> **Data extracts**
⟨

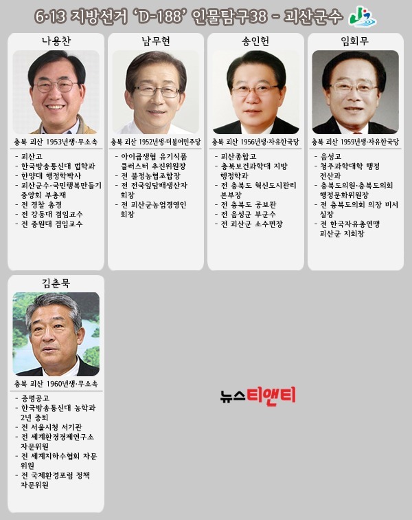 자유한국당에서는 송인헌 전 충북도 혁신도시관리본부장이 다시 한 번 도전할 의지를 내비치고 있다. 충북도 공보관과 음성군 부군수 등을 역임한 송 전 본부장은 지난 2014년 제6회 지방선거와 지난 5월 재선거에서 임각수 전 군수와 나용찬 군수에게 패배하며 군수실 입성의 꿈을 이루지 못했다. 꾸준히 지역 행사장에 얼굴을 내밀며 지지세를 결집하는 것으로 알려진 송 전 본부장은 기자와의 통화에서 “내년 지방선거에서 괴산군수에 출마할 계획이냐”는 질문에 “고민하고 있다”고 밝혀 출마 자체를 배제하지는 않았다. 임회무 도의원도 하마평에 오르내린다. 충북도의회 의장 비서실장과 한국자유총연맹 괴산군 지회장을 역임한 임 의원은 충북도의회 행정문화위원장도 맡고 있어 동료 의원들 간의 스킨십이 뛰어나다는 평가를 받고 있다. 당내에서도 활발하게 움직이고 있는 것으로 알려진 임 의원은 지난 5월 재선거에서 송인헌 전 충북도 혁신도시관리본부장에게 경선 문턱에서 패하며 본선 진출을 이루지 못했다. 바닥 민심을 파고들며 표밭을 갈고 있는 것으로 알려진 임 의원은 괴산을 새롭게 설계할 비전 마련에 열심인 것으로 확인됐다.
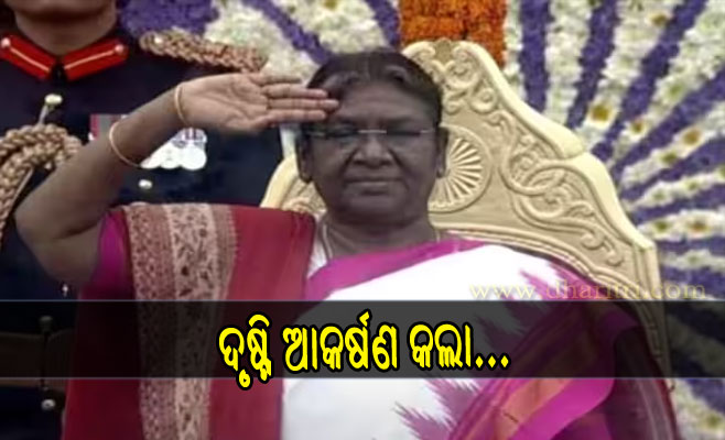 ଗୋଲାପୀ ଏବଂ ଧଳା ରଙ୍ଗର ଶାଢ଼ି ସହ ରାଷ୍ଟ୍ରପତି ଏକ ବାଦାମୀ ରଙ୍ଗର ଶଲ୍ ପିନ୍ଧିଥିଲେ। କର୍ତ୍ତବ୍ୟ ପଥରେ ତାଙ୍କ ଆଗମନ ବେଳେ ପ୍ରଧାନମନ୍ତ୍ରୀ ନରେନ୍ଦ୍ର ମୋଦି ତାଙ୍କର ସ୍ବାଗତ କରିଥିଲେ। ବାୟୁସେନା ଅଧିକାରୀ ଫ୍ଲାଇଟ ଲେଫ୍ଟନାଣ୍ଟ କୋମଲ ରାନୀ ଜାତୀୟ ପତାକା ଉତ୍ତୋଳନ କରିଥିଲେ। ଏଥିସହ ଜାତୀୟ ସଙ୍ଗୀତ ବାଜିବା ସହ ରାଷ୍ଟ୍ରପତିଙ୍କୁ ୨୧ ତୋପ ସଲାମୀ ଦିଆଯାଇଥିଲା।
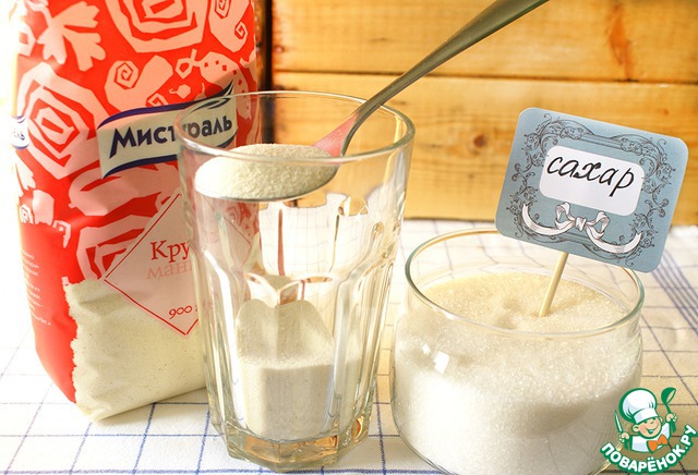 Манку смешиваем с сахаром и в молочко все сыплем потихоньку. Варим густую, сладкую кашу. Пока не остыло! Добавляем маргарин (в магазине внимательно читаем состав на упаковке и берем без животных жиров), лимонный сок и пару капель ванильной эссенции.
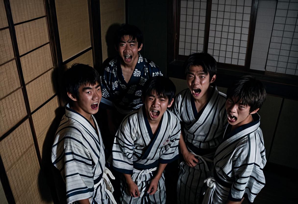 集団ヒステリーと共鳴 :閉鎖された旅館、修学旅行の緊張、そして超常的な「お札の部屋」。これらの条件が揃ったとき、一人の発狂は瞬時に集団全体へと共鳴し、制御不能なパニックを引き起こす。
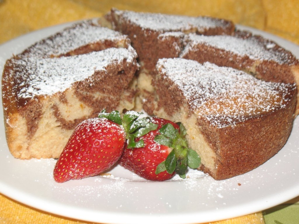 Se amesteca bine zaharul cu laptele apoi se adauga treptat faina si praful de copt, se separa in 2 compozitia in una se pune cacao iar in cealalta coaja de portocala (sau nuca de cocos, vanilie). Intr-o tava unsa si tapetata cu faina se toarna un strat alb apoi un altul negru pana se termina. Se coace la 160° timp de 40-45 minute. Dupa ce s-a racit se pudreaza cu zahar pudra.
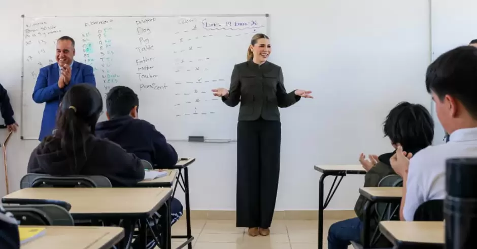 Reiteró el compromiso de seguir ampliando la infraestructura educativa en todo Baja California, así como de respaldar al alumnado mediante programas de becas estatales como lo es Corazón de Cimarrón, y federales como la Beca Universal Rita Cetina.
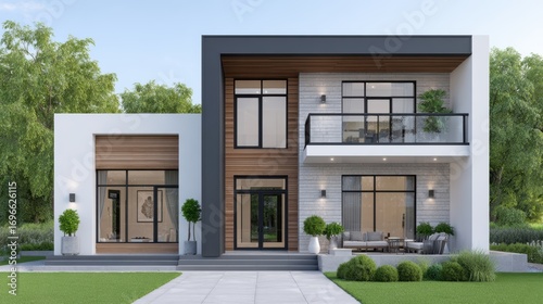 Modern house exterior design residential area architecture green environment front view contemporary aesthetics

⟩

> **Exercise prompt**
Once you find the line with "ଗୋଲାପୀ ଏବଂ ଧଳା", restate it and every later line of the data word for word, excluding the pictures.

> **Exercise result**
 ଗୋଲାପୀ ଏବଂ ଧଳା ରଙ୍ଗର ଶାଢ଼ି ସହ ରାଷ୍ଟ୍ରପତି ଏକ ବାଦାମୀ ରଙ୍ଗର ଶଲ୍ ପିନ୍ଧିଥିଲେ। କର୍ତ୍ତବ୍ୟ ପଥରେ ତାଙ୍କ ଆଗମନ ବେଳେ ପ୍ରଧାନମନ୍ତ୍ରୀ ନରେନ୍ଦ୍ର ମୋଦି ତାଙ୍କର ସ୍ବାଗତ କରିଥିଲେ। ବାୟୁସେନା ଅଧିକାରୀ ଫ୍ଲାଇଟ ଲେଫ୍ଟନାଣ୍ଟ କୋମଲ ରାନୀ ଜାତୀୟ ପତାକା ଉତ୍ତୋଳନ କରିଥିଲେ। ଏଥିସହ ଜାତୀୟ ସଙ୍ଗୀତ ବାଜିବା ସହ ରାଷ୍ଟ୍ରପତିଙ୍କୁ ୨୧ ତୋପ ସଲାମୀ ଦିଆଯାଇଥିଲା।
 Манку смешиваем с сахаром и в молочко все сыплем потихоньку. Варим густую, сладкую кашу. Пока не остыло! Добавляем маргарин (в магазине внимательно читаем состав на упаковке и берем без животных жиров), лимонный сок и пару капель ванильной эссенции.
 集団ヒステリーと共鳴 :閉鎖された旅館、修学旅行の緊張、そして超常的な「お札の部屋」。これらの条件が揃ったとき、一人の発狂は瞬時に集団全体へと共鳴し、制御不能なパニックを引き起こす。
 Se amesteca bine zaharul cu laptele apoi se adauga treptat faina si praful de copt, se separa in 2 compozitia in una se pune cacao iar in cealalta coaja de portocala (sau nuca de cocos, vanilie). Intr-o tava unsa si tapetata cu faina se toarna un strat alb apoi un altul negru pana se termina. Se coace la 160° timp de 40-45 minute. Dupa ce s-a racit se pudreaza cu zahar pudra.
 Reiteró el compromiso de seguir ampliando la infraestructura educativa en todo Baja California, así como de respaldar al alumnado mediante programas de becas estatales como lo es Corazón de Cimarrón, y federales como la Beca Universal Rita Cetina.
 Modern house exterior design residential area architecture green environment front view contemporary aesthetics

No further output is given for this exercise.